Yule now lighted torches and staked them around the battle-pile. He then found a coward that he had shot through the hips early on and dragged him over to the foot of the pile and staked him out face-first with his head toward the quarter of the North Wind where Uncle Hoar resided on his gray cloudbank.
Yule now stripped naked before his God Mother, and slashed his chest with the great and still keen axe as his foes had failed to strike him with honorable weapons. He placed his helmet and battle-jacket over a cross that he erected above the girl’s head, on the other side of the piled bodies that constituted the headboard of their wedding bed.

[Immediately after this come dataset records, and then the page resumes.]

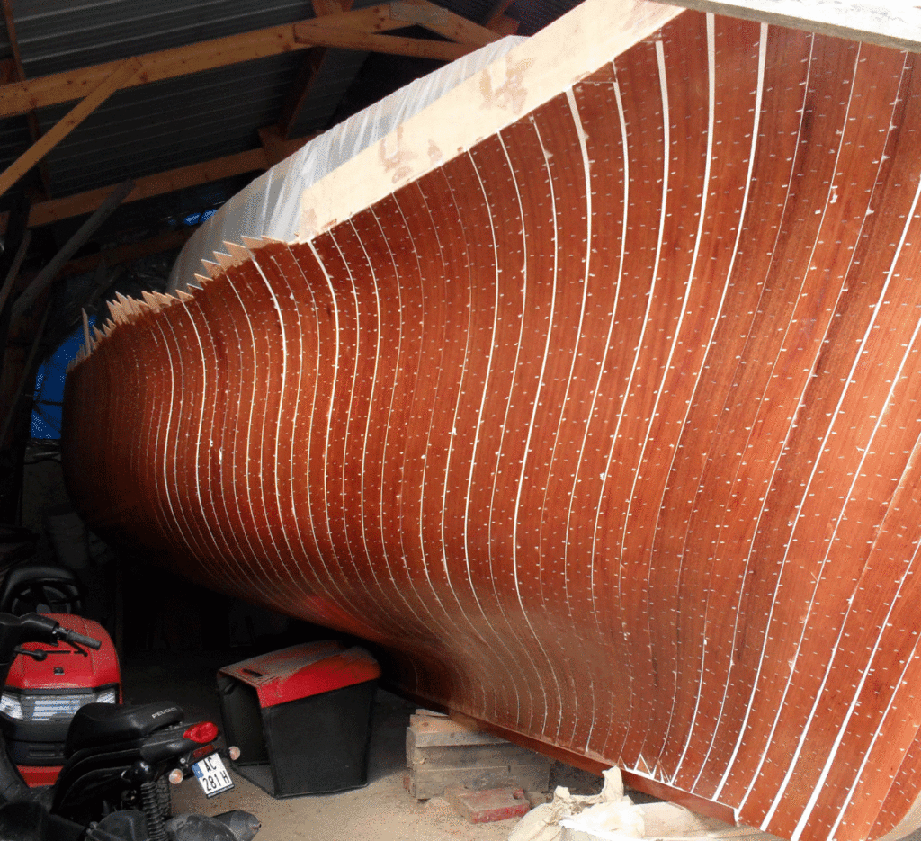 The cabin sides were made of edge glued planks of maritime pine wood which we covered with 6mm marine plywood and then epoxied.
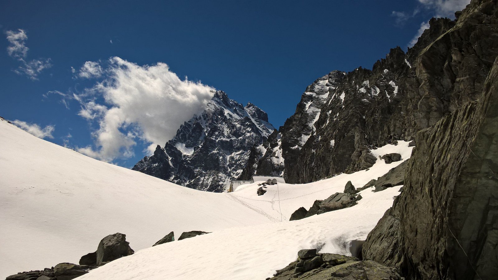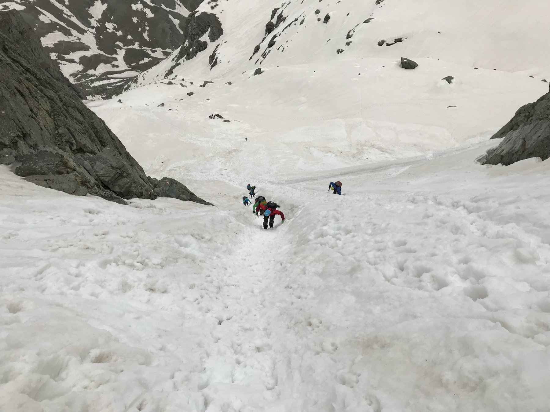 Dirigersi a sinistra incrociando il sentiero del Postino, si salgono le lingue di neve raggiungendo il conoide (quota 2600 m circa) che scende dal colle del Couloir Bianco situato tra la punta Venezia e le Rocce Fourion.
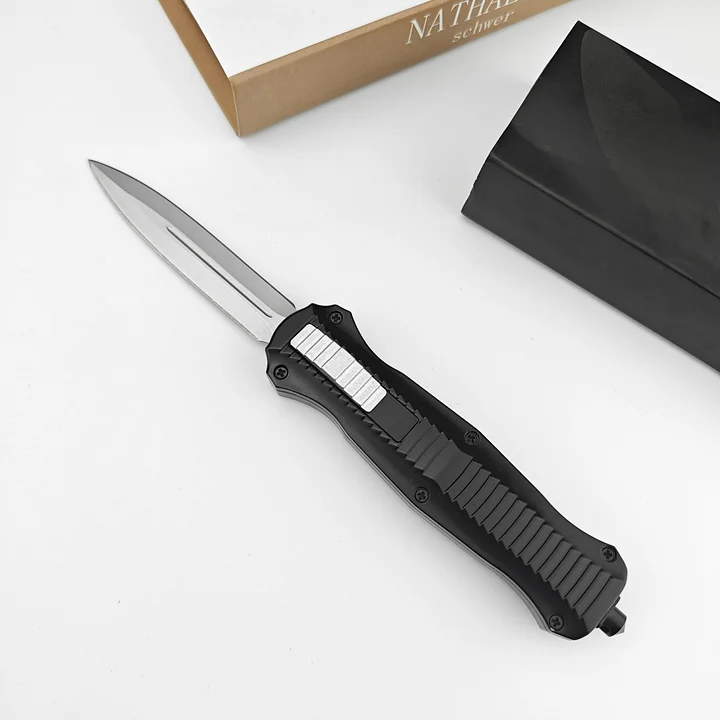 The sturdy handle is forged from non-reflective black anodized 6061-T6. The lock-tightening ensures a quick grip without damage. When speed is critical, the side slide button allows quick access to the blade. When you are done, just a stealth pull slides to retract the blade. Reversible exquisite carrying delicate hair design.
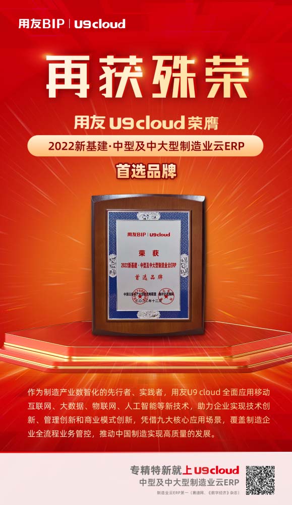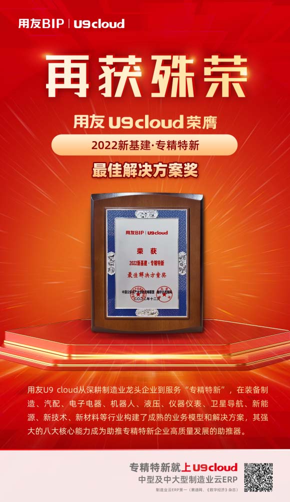 用友U9 cloud榮獲“2022新基建·中型及中大型制造業(yè)云ERP首選品牌”及“2022新基建·專精特新最佳解決方案獎(jiǎng)”兩項(xiàng)表彰。
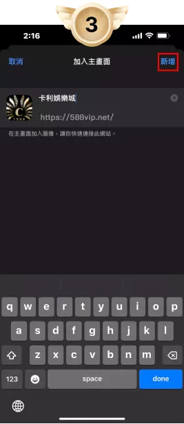 點擊新增,即可增加卡利官網至手機主頁面
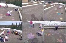 На прогулке дети подготовительной группы рисовали на асфальте мелками
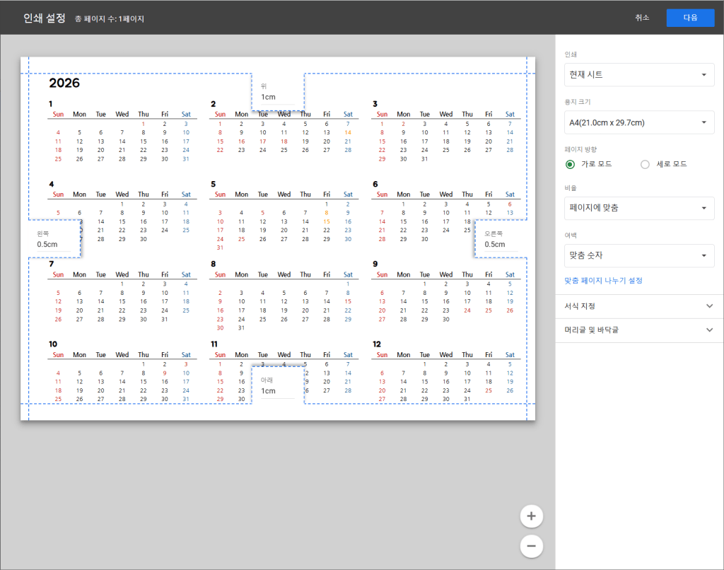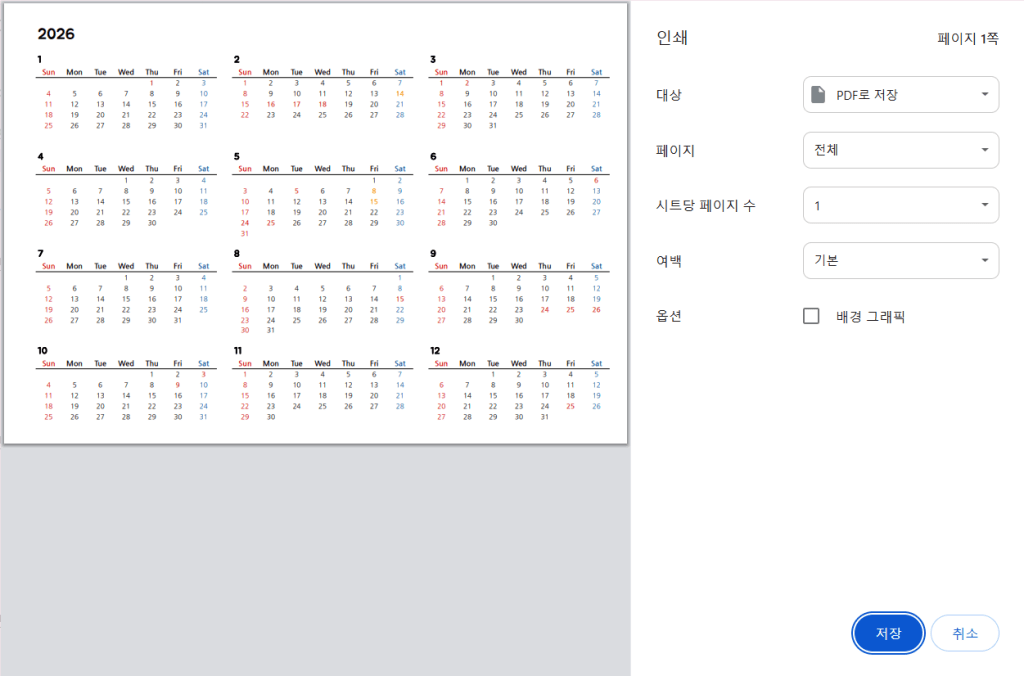 연간 달력 시트에 원하는 연도를 지정한 후, 상단의 인쇄 버튼을 클릭하여 연간 달력을 PDF로 저장할 수 있습니다.

He now turned to Heaven naked and unarmed and roared, “Sister I thus take from you. Mother, Uncle Soul-eater, Eldest Sister Sun, Uncle Hoar, All-drinking Auntie Earth, I thus give.”
He knelt tenderly over the sobbing wench, propped her wide hips up on the relatively whole corpse of the old man with the little barking hand-gun, and then mounted her, taking her again and again throughout the afternoon, for long enough for Sister Sun to stand at his bedside holding the hand of his fresh-fetched bride with her rays of gold.

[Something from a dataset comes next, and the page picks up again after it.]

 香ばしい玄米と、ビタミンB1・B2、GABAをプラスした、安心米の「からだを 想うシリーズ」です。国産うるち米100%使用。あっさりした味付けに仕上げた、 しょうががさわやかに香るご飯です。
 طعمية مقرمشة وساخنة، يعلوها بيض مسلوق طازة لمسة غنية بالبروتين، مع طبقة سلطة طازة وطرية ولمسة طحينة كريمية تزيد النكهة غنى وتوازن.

At last, satiated and avenged, Yule rose and took up his axe. He saluted the now complaisant wench and turned toward the staked-out coward, still breathing the gasping breaths of those who most feared Mother’s fangs.

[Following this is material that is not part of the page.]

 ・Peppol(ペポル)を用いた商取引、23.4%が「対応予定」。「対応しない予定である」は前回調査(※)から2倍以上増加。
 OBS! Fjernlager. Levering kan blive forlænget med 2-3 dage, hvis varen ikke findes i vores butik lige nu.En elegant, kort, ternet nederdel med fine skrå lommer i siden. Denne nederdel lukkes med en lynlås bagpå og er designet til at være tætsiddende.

Yule stood astride the spread-eagle back of the man and raised his axe, “Mother, by this axe I rule!”
He bent with the delicate precision of a fish-monger and filleted the coward beneath his ribs on either side, trying hard to remember precisely how the giants had done this to Father’s enemies in olden times. Then, having carved the blood eagle, Yule set aside the axe and reached into the coward, beneath the ribs, and drew forth his lungs, which fluttered with one last breath, giving the effect of an eagle spreading its wings. As he held the wings fluttering with the man’s last ragged breath, he looked heavenward, “Father, I give this life to you in return for the giant bastard of yours I have slain this day. Be warned, Father, I am on the war-trail, a trail that leads ultimately to your ice-gated hall!”
Yule felt elated and pleased, finally at peace as he heard the tied-down wench behind him whimpering for his mercy. He turned and noticed that the rising tide of gore seeping from the still-draining carcasses around her was threatening to drown her. He bent and untied her gently, then cradled her in his arms and walked her over toward the fire to warm her. She held on thankfully, even patting his cheek as he laid her down to rest with her blood-soaked little head propped up on the boots of her chief, who had, by now, died of his belly-wound.
He patted her on the cheek, “Now now, wench. The battle is over. I have forgiven you the sins committed against me by your men and have planted your womb with child. You are the wife, and soon to be mother, of a god. Rest and I shall have the slave-girl bring you something to drink.”